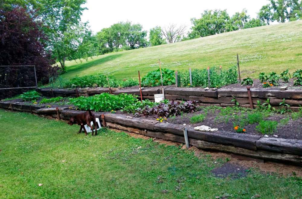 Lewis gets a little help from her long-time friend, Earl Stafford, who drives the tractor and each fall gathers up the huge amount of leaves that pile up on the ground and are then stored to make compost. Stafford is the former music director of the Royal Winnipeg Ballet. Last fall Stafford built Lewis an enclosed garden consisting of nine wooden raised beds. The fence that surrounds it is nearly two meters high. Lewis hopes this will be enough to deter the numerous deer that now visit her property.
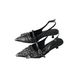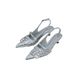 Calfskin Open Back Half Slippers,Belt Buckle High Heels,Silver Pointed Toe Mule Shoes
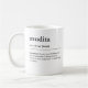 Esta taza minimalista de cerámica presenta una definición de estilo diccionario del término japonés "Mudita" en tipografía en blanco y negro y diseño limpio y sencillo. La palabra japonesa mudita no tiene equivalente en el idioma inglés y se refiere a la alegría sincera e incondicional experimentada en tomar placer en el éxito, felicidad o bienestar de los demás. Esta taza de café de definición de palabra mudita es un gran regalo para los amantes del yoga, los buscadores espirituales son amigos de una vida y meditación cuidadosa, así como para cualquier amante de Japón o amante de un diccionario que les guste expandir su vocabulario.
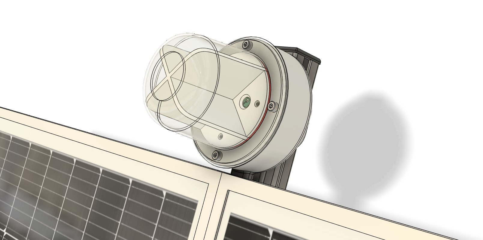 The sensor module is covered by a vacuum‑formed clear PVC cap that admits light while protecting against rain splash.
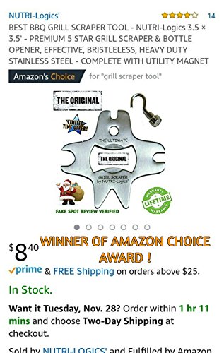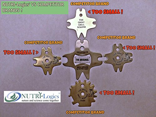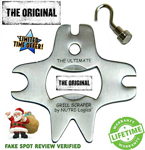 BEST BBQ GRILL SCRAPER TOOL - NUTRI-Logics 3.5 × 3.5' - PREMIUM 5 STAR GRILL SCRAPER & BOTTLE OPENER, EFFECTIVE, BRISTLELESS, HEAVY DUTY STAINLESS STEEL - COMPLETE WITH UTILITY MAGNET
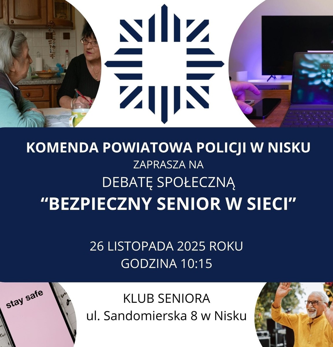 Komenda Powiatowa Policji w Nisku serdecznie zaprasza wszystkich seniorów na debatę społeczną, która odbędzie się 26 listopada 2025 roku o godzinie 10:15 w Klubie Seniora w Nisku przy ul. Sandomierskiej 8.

○ ○ ○

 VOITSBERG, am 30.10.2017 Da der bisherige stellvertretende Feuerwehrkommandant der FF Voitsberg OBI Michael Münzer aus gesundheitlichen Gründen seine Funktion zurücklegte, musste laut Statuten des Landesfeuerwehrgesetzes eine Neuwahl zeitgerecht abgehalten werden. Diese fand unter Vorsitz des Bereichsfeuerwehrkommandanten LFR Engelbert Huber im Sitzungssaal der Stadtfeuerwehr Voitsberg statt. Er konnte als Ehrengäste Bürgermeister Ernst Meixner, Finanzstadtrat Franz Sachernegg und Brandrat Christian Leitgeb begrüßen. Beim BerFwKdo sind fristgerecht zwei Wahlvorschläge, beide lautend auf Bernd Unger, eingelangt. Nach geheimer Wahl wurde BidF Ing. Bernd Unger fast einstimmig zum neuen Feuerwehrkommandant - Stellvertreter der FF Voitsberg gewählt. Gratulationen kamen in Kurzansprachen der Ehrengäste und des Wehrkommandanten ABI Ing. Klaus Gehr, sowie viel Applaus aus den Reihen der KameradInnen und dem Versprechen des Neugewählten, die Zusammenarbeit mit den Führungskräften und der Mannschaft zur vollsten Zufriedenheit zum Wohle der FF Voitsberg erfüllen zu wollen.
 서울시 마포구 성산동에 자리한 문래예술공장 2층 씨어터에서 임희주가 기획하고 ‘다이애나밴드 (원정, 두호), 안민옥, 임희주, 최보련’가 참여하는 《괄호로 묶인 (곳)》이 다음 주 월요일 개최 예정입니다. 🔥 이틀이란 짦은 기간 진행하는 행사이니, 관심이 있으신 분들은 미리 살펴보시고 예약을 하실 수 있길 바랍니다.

○ ○ ○

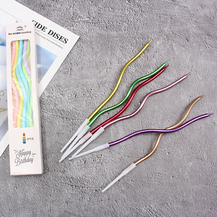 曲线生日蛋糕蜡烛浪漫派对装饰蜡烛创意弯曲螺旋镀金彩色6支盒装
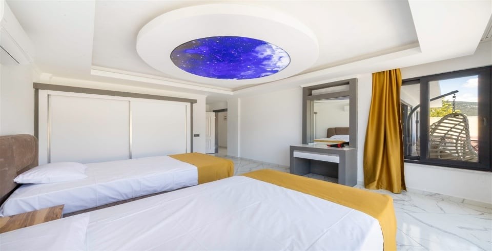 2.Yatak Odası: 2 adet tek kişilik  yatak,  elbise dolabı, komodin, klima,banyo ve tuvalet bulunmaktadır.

○ ○ ○

▸ **Activity**
Going by the entries above, repeat exactly the lines that start at the line with "曲线生日蛋糕蜡烛浪漫派对装饰蜡烛创意弯曲螺旋镀金彩色6支盒装" and go on through the line with "2.Yatak Odası: 2 adet". Pictures are not part of the copy.

▸ **Exercise solution**
 曲线生日蛋糕蜡烛浪漫派对装饰蜡烛创意弯曲螺旋镀金彩色6支盒装
 2.Yatak Odası: 2 adet tek kişilik  yatak,  elbise dolabı, komodin, klima,banyo ve tuvalet bulunmaktadır.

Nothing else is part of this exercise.